Fig. 3 shows the averaged BER of the received I&Q channels against the preamplifier input power at the receiver. The minimum BER was 2.8·10-5 for the receiver configuration with fixed transformation (2). With adaptive transformation ((3) combined with [12]) the best measured BER was 7.3·10-5. For both receivers the PRBS could be detected until the preamplifier input power was set below -52 dBm.

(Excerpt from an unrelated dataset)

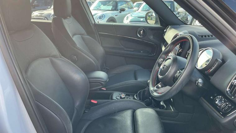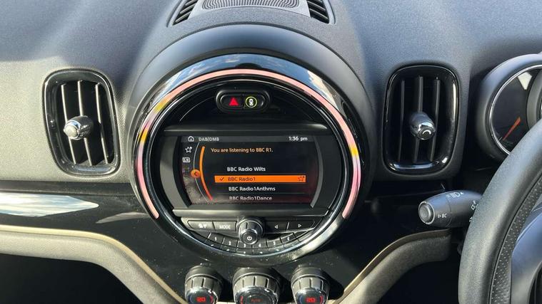 Active Guard incl speed limiting and lane departure functions with auto steering, and front collision warning with brake intervention, Automatic start/stop function with brake energy recuperation, eDrive button, Electro-mechanical speed dependant steering assistance, Instrument cluster, Mini E-call, MINI TeleServices, On board computer, Rear parking distance control, Automatic transmission, Charging flap on front left lower A-panel, Double Vanos system, Fully variable valve control, High precision injection, Performance Control, FM tuner and DAB digital radio, Bonnet scoop, Chrome border honeycomb structure radiator grille with S badge, Chrome fuel filler cap, Day time driving lights, Dynamic brake lights, Electric windows, Heated rear window, Heated windscreen washer jets, John Cooper Works - aerodynamic kit (front and rear apron, spoiler), front and rear sport bumpers and part-painted side sills with door sill finishers, John Cooper Works Logo, John Cooper Works rear spoiler, Metal door sill strips with Cooper S imprint, Model logo, Model logo on Tailgate, Rain sensor with auto headlights, Rear fog lights, Rear window wiper, Side scuttle panel with integrated indicator, Split rear doors, Sun/heat protection glass, Twin exhaust tailpipe, White indicator lenses, 12V Accessory socket in centre console, 360L luggage compartment capacity, 4 lashing eyes in luggage compartment, 40:20:40 split folding rear seats, Anthracite headlining with grab handles and clothes hooks, Charging cable, Chrome interior highlights, Colour line - Carbon black, Cupholders, English handbook, Front headrests, Glove compartment, Height and length steering column adjustment, Isofix rear child seat preparation, John Cooper Works perforated leather steering wheel with contrast stitching in chilli red and John Cooper Works logo, Leather gearshift lever and handbrake gaiters, LED reading lights, vanity mirror lights, front foot well light and spotlight on front seats, Manual air conditioning, Mechanical seat adjustment, driver seat height adjust, forward/back and front seats backrest, Multifunction steering wheel, Passenger seat height adjuster, Rear headrests, Storage compartments in doors, Sunvisors with vanity mirrors, Excitement pack - Countryman, Navigation pack - Countryman, 2 tone horn, 3 point seatbelts on all seats, 6 Airbags - front, side, head and seat belt tensioners, Anti-lock braking system (ABS), DSC - Dynamic Stability Control, Electronic handbrake, Front and rear disc brakes, Hill start assist, Tyre pressure monitoring system, Alarm system with tilt sensor, monitoring doors, bonnet interior and tailgate, Auto drive away locking, Deadlocking function, Electronic vehicle immobiliser, Locking wheel bolts, Start/stop toggle with keyless go, Tool kit,
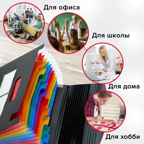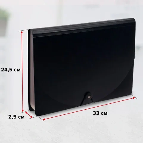Папка-органайзер для бумаг и документов на резинке, 13 отделений, BRAUBERG DOCS, А4, черная, 271152

For comparison the BER performance of a receiver with a 90° hybrid is also shown in Fig. 3. It can be seen that the receiver sensitivity is about 1 dB higher than for the 3×3 coupler and fixed transformation function in the receiver. This results from non-ideal coupling ratios in the 3×3 coupler. In contrast, the 90° hybrid allows control of coupling ratios as well as phase shift. For the 3×3 coupler receiver with adaptive transformation the receiver sensitivity is the same as with 90° hybrid because the algorithm compensates for the non-ideal 3×3 coupler – but only for low preamplifier input power levels. The BER floor is higher than for the receiver with hard-wired transformation function. Very recently, the same effect showed up after the system was re-engineered to track fast polarization fluctuations in a polarization-multiplexed QPSK transmission. A hardware error in the ADC-FPGA interface was then found, and eliminated. This has brought down the BER floors. We are confident that the same would hold for this 3×3 coupler experiment but can not test it because the system is needed for ongoing other experiments.

 figure: Fig. 3.

Fig. 3. Measured BER vs. preamplifier input power for 1.4 Gbit/s synchronous QPSK transmission.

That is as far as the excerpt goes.